* **Work request**:
In the records below, the relevant part opens with the line containing "Otii工具還支持使用SEN" and closes with the line containing "时间就这样过去了,动物们骑完"; print that part exactly and only, without its pictures.

* **Task input**:
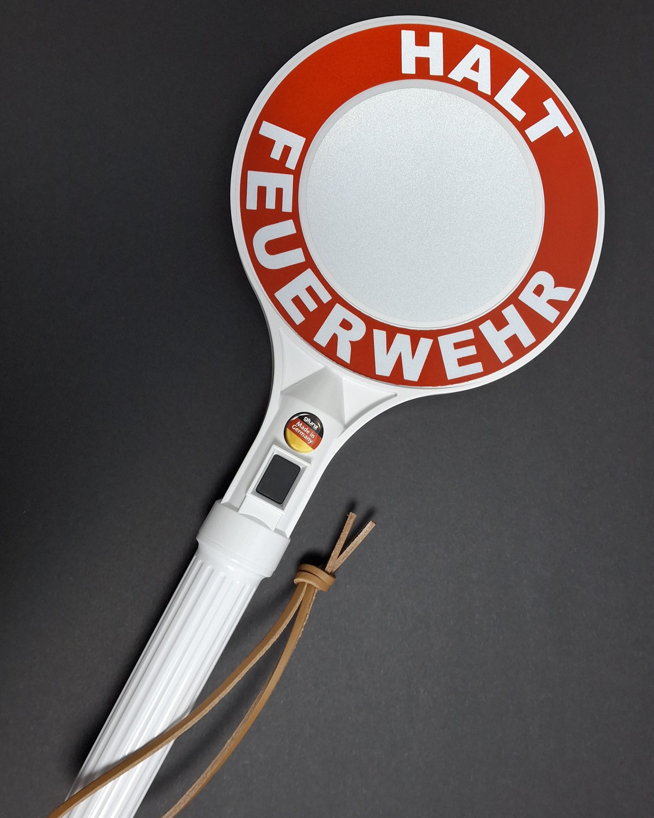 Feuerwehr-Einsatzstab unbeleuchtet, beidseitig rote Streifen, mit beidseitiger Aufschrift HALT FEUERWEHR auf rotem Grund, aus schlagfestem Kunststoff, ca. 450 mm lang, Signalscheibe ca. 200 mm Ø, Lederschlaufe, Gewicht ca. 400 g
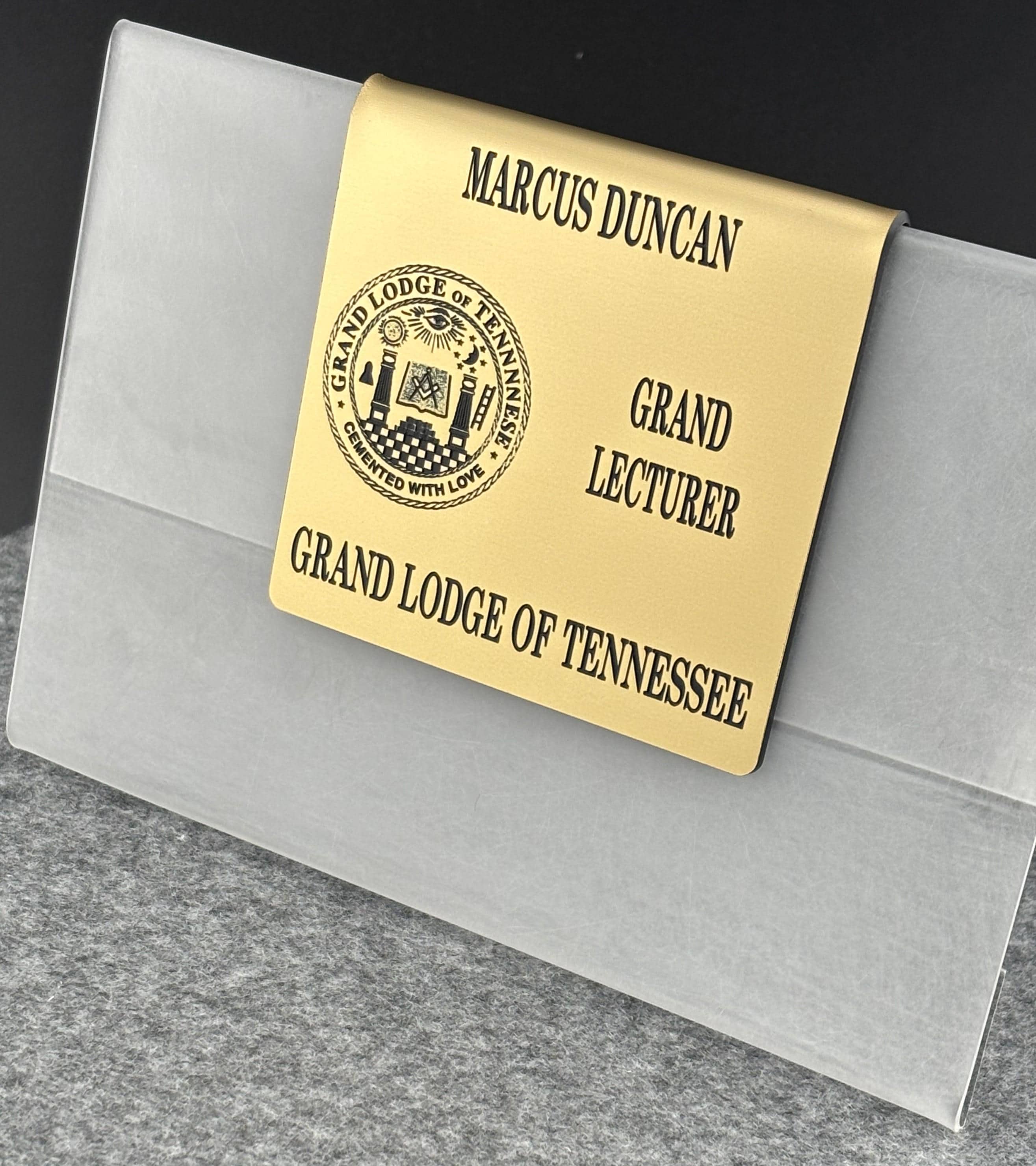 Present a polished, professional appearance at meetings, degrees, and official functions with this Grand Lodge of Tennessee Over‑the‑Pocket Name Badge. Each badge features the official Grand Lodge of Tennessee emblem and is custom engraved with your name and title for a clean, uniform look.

--

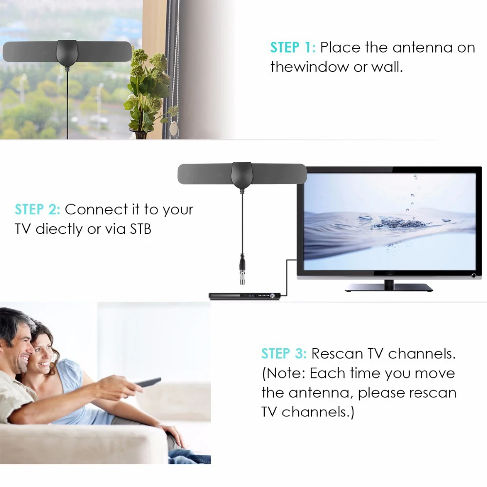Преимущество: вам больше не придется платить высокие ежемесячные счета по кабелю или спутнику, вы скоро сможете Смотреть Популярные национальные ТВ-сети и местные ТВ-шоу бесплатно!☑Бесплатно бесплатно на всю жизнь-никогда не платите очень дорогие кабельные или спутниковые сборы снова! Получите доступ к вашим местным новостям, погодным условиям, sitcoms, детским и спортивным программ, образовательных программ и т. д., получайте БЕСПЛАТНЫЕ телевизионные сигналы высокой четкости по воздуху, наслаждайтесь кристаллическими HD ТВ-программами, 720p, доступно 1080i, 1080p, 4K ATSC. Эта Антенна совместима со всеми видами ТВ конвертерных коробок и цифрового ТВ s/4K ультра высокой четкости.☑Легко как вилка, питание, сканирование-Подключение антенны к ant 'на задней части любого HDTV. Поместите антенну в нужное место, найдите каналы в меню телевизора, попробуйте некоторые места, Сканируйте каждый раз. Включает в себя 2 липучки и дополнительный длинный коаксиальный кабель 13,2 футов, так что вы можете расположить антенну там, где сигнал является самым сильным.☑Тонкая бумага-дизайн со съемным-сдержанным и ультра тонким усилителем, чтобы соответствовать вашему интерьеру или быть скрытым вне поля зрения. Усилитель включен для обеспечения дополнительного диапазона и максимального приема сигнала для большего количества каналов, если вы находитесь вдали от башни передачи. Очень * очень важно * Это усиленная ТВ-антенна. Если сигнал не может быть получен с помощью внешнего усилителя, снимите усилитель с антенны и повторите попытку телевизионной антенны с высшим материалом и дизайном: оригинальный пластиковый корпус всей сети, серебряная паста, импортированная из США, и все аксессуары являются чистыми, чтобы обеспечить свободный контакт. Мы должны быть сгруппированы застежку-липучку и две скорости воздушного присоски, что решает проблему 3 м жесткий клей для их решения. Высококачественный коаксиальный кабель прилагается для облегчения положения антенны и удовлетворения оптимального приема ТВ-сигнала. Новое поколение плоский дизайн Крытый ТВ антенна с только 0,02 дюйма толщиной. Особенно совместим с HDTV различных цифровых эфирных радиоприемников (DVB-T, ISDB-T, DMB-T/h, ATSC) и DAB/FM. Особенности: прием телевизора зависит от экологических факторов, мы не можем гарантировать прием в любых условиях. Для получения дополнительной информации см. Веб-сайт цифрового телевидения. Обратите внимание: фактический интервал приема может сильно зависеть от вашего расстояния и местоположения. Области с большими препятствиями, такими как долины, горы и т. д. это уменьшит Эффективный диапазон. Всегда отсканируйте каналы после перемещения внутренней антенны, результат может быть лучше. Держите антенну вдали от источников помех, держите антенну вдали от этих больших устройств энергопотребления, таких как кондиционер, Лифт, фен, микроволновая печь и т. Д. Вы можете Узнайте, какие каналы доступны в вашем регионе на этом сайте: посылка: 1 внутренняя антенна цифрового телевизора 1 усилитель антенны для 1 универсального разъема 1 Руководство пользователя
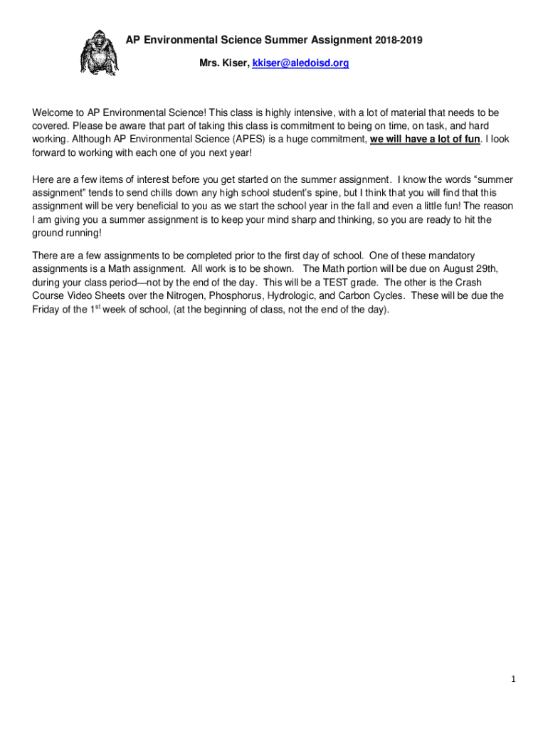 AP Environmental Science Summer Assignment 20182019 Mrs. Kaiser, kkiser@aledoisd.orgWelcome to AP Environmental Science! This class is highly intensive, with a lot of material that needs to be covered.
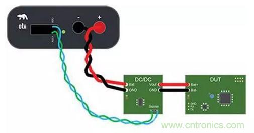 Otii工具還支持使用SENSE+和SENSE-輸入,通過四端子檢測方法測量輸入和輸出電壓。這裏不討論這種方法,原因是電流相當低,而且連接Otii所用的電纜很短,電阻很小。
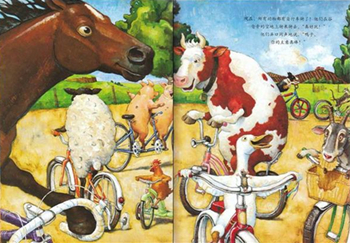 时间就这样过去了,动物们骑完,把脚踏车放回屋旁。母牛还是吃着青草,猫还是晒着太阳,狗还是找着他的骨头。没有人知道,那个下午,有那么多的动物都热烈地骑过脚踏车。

* **Task solution**:
 Otii工具還支持使用SENSE+和SENSE-輸入,通過四端子檢測方法測量輸入和輸出電壓。這裏不討論這種方法,原因是電流相當低,而且連接Otii所用的電纜很短,電阻很小。
 时间就这样过去了,动物们骑完,把脚踏车放回屋旁。母牛还是吃着青草,猫还是晒着太阳,狗还是找着他的骨头。没有人知道,那个下午,有那么多的动物都热烈地骑过脚踏车。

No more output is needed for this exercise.